Would you retype the whole listing verbatim, keeping pictures out of it?

Collected data:
:::

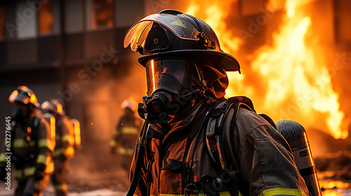 Unrecognizable firefighters in protective uniform and helmet with fire extinguisher standing near burning building. Generative AI
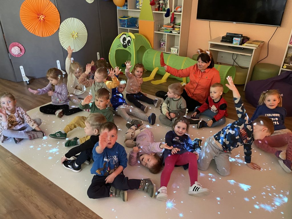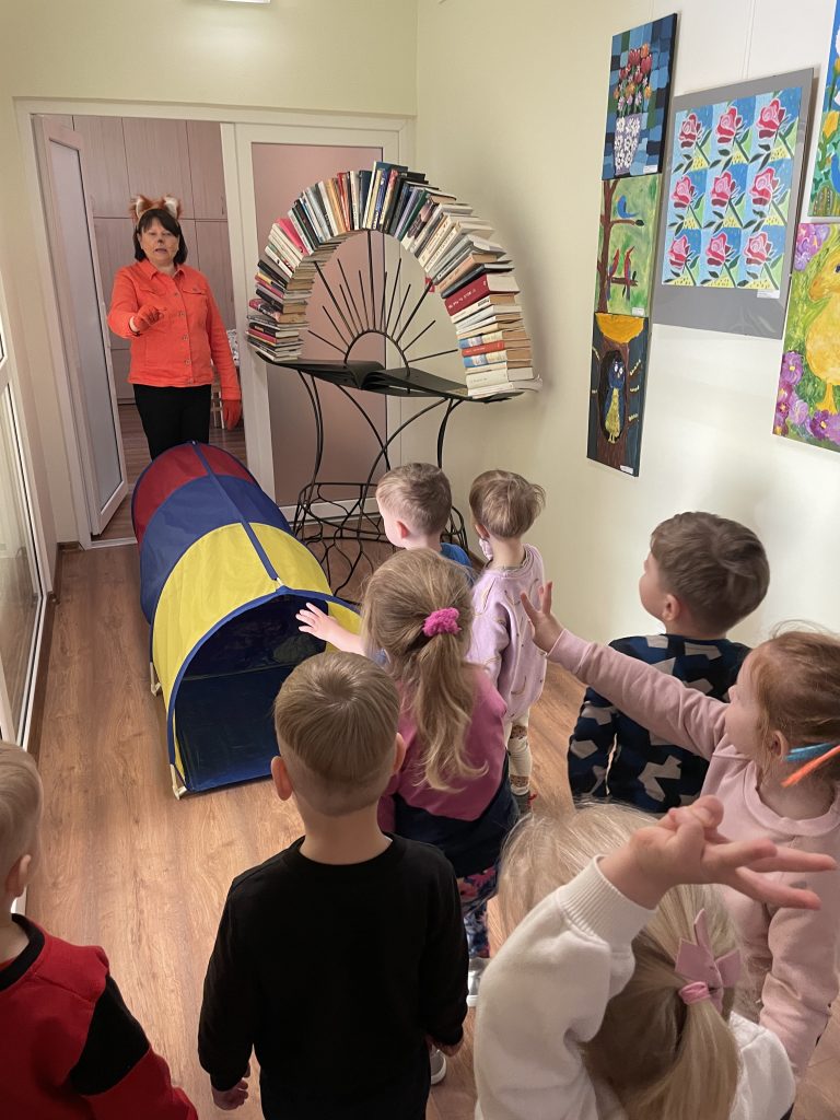 ,,Čiauškučių“ grupės vaikai kartu su mokytojomis vyko į Mažeikių Henriko Nagio viešąją biblioteką. Čia vaikai apžiūrėjo mėgstamas knygas, stebėjo lėlių spektaklį ,,Peliukas ir jo knyga“, keliavo knygų lentynų labirintais, įveikė trasą ir pateko į stebuklingą kambarį, kur kartu su Voveraite mėgavosi interaktyviosiomis grindimis: gaudė žuvis, sprogdino balionus, grojo pianinu, stebėjo žvaigždes.
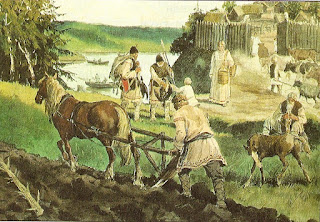 Историки считают, что с давних времён восточные славяне поселились в VI веке в среднем течении Днепра, примерно там, где сейчас находится город Киев. Расселение славянских племён шло вверх по течению Днепра и его притокам. Здесь начинались густые леса - сначала лиственные, а севернее - смешанные и хвойные (об этой природной зоне мы с вами говорили на предыдущих уроках). Переселенцы попадали в непривычные условия. На новом месте славяне селились обычно по берегам рек и озёр несколькими большими семейными группами. Правда, семьи тогда были по 15-20 человек: глава семьи с женой, их взрослые сыновья с жёнами, их дети, а иногда и внуки. Три - четыре двора селились вместе. В домах славян пол был на метр углублен в землю, стены сложены из тонких стволов деревьев - жердей, очищенных от веток и коры. Жерди соединены между собой деревянными шипами, связаны для прочности гибкой корой. Крыша тоже из жердей, а на ней - толстый слой соломы. В углу находилась сложенная из камня печь - она обогревала дом, на ней готовили еду. Печь топилась по-черному - это значит, что дымовой трубы не было, и весь дым выходил через оконца, двери, отверстия в кровле.Внутри такого дома было всегда прохладно, темно и сыро. Окошки, прорубленные в стенах, на ночь и в холода закрывали досками или соломой - ведь стекол тогда не было. В доме все свободное место занимали стол и 2-3 лавки. В углу лежало несколько охапок сена, покрытых звериными шкурами, - это постели. Жизнь переселенцев была нелёгкой. Как и все первобытные народы, славяне занимались собирательством и охотой. Они собирали мёд, ягоды, грибы, орехи, охотились на кабанов, лосей, медведей, в реках ловили рыбу. Сейчас мы тоже ходим в лес по грибы-ягоды, ловим рыбу. Но для нас это отдых, а для наших предков это был огромный труд, и нелёгкий. Ведь продуктов нужно было заготовить на весь род. С давних времён славяне занимались земледелием. Пахали деревянными сохами на быках. Сеяли рожь, пшеницу.

:::

Exercise solution:
 Unrecognizable firefighters in protective uniform and helmet with fire extinguisher standing near burning building. Generative AI
 ,,Čiauškučių“ grupės vaikai kartu su mokytojomis vyko į Mažeikių Henriko Nagio viešąją biblioteką. Čia vaikai apžiūrėjo mėgstamas knygas, stebėjo lėlių spektaklį ,,Peliukas ir jo knyga“, keliavo knygų lentynų labirintais, įveikė trasą ir pateko į stebuklingą kambarį, kur kartu su Voveraite mėgavosi interaktyviosiomis grindimis: gaudė žuvis, sprogdino balionus, grojo pianinu, stebėjo žvaigždes.
 Историки считают, что с давних времён восточные славяне поселились в VI веке в среднем течении Днепра, примерно там, где сейчас находится город Киев. Расселение славянских племён шло вверх по течению Днепра и его притокам. Здесь начинались густые леса - сначала лиственные, а севернее - смешанные и хвойные (об этой природной зоне мы с вами говорили на предыдущих уроках). Переселенцы попадали в непривычные условия. На новом месте славяне селились обычно по берегам рек и озёр несколькими большими семейными группами. Правда, семьи тогда были по 15-20 человек: глава семьи с женой, их взрослые сыновья с жёнами, их дети, а иногда и внуки. Три - четыре двора селились вместе. В домах славян пол был на метр углублен в землю, стены сложены из тонких стволов деревьев - жердей, очищенных от веток и коры. Жерди соединены между собой деревянными шипами, связаны для прочности гибкой корой. Крыша тоже из жердей, а на ней - толстый слой соломы. В углу находилась сложенная из камня печь - она обогревала дом, на ней готовили еду. Печь топилась по-черному - это значит, что дымовой трубы не было, и весь дым выходил через оконца, двери, отверстия в кровле.Внутри такого дома было всегда прохладно, темно и сыро. Окошки, прорубленные в стенах, на ночь и в холода закрывали досками или соломой - ведь стекол тогда не было. В доме все свободное место занимали стол и 2-3 лавки. В углу лежало несколько охапок сена, покрытых звериными шкурами, - это постели. Жизнь переселенцев была нелёгкой. Как и все первобытные народы, славяне занимались собирательством и охотой. Они собирали мёд, ягоды, грибы, орехи, охотились на кабанов, лосей, медведей, в реках ловили рыбу. Сейчас мы тоже ходим в лес по грибы-ягоды, ловим рыбу. Но для нас это отдых, а для наших предков это был огромный труд, и нелёгкий. Ведь продуктов нужно было заготовить на весь род. С давних времён славяне занимались земледелием. Пахали деревянными сохами на быках. Сеяли рожь, пшеницу.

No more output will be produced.